First of all, I can’t get my thoughts straight. I’ve even considered being dyslexic – or developing dyslexia recently. My thoughts are no longer linear, I haven’t been as pragmatic and logical as I used to be, I can’t focus on just one thing – not even two for that matter, and I feel like I’m getting dumb.

No, I’m not depressed. It’s a genuine analysis of my incapability of doing things in old-Christina’s way. Whilst old-me would have very clear ideas of what she wanted for her future, whether it was to graduate in Advertising, move to Rio, to get a master degree abroad, to get the Portuguese citizenship or to sleep the whole weekend, I would know what I wanted at that moment and fight for it until I get it. Of course, as a good Cancerian I pretend to be, I was also very dreamy and had my nonsense plans, but my realistic side would always bring me back on track, or keep dreams as dreams and reality as reality not to waste too much time.

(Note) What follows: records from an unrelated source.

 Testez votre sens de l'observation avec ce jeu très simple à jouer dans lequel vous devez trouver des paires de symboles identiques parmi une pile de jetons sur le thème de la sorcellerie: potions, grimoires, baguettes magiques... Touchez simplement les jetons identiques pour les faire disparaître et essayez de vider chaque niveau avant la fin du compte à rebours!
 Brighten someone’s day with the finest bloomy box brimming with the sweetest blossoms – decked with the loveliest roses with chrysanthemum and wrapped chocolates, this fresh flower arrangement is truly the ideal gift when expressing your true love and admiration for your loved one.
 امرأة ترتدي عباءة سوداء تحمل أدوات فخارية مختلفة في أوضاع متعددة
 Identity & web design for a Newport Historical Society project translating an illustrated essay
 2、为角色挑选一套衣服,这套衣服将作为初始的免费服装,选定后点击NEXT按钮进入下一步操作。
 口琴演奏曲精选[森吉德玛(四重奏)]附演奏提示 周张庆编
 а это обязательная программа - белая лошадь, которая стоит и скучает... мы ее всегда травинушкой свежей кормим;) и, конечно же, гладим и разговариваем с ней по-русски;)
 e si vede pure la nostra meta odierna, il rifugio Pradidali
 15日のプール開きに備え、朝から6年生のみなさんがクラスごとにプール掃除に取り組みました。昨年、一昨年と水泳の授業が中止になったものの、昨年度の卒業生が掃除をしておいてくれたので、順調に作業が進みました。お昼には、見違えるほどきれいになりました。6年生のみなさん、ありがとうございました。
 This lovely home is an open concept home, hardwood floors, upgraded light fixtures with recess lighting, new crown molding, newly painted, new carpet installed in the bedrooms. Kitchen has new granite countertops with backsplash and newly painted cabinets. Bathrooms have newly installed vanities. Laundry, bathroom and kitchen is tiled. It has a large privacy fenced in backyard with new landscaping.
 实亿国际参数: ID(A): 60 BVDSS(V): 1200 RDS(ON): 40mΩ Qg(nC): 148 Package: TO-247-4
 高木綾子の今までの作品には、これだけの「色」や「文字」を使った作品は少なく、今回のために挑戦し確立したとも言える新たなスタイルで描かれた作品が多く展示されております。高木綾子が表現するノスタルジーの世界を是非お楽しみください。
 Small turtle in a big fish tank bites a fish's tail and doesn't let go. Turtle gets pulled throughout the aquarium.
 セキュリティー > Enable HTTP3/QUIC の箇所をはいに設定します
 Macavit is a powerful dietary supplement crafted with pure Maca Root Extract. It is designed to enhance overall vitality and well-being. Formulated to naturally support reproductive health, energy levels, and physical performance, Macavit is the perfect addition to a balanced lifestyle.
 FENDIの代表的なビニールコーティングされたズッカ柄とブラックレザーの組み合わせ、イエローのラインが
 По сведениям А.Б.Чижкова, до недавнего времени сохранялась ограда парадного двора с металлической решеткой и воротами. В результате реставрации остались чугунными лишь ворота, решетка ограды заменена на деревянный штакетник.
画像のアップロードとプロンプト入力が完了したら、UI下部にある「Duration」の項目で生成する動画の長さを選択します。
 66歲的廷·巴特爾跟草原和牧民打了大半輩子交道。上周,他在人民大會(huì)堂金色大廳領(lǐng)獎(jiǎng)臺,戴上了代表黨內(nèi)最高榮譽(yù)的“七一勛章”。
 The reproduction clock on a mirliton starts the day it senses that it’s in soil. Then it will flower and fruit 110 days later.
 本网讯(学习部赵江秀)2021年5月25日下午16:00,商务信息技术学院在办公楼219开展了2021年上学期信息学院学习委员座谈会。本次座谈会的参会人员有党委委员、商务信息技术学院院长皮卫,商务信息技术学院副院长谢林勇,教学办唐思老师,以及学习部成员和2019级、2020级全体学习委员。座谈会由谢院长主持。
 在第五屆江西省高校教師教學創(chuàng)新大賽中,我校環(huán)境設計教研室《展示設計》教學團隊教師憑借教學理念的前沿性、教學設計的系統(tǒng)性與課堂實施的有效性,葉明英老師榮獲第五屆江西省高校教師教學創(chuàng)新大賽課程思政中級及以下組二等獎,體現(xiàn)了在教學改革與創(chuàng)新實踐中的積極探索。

Back to the original reason for this post. Lately, I’ve been all over the place. I send emails and text messages to the wrong people. I’m always late and always on the run even when I don’t have any specific appointment – I walk really fast to go to the park to chill out, I eat too quickly even if I have an hour or more to enjoy the meal. Lately I’ve been talking even faster than normal, gesticulating like a crazy Italian to the point that people at work say “no need to panic” – not panicking, it’s the “normal” me, I think. I’m forgetting stuff. I’m replying to people mentally (and I expect them to ‘receive’ my thoughts transmission). I’m not planning things, I’m not thinking long term. I’m not being productive – which, believe me, it’s a near-death experience for me. I’m playing by the ear, but guess what? I’m deaf! People talk to me, I look at them, but I’m completely blanking the information – bad when someone tells you something and you just reply “huh?”. I’m switching to Portuguese at work, speaking English to Brazilian friends, misspelling a lot in both languages and forgetting the meaning of things. I think one word, write another one. I can’t find the time to go to the post office.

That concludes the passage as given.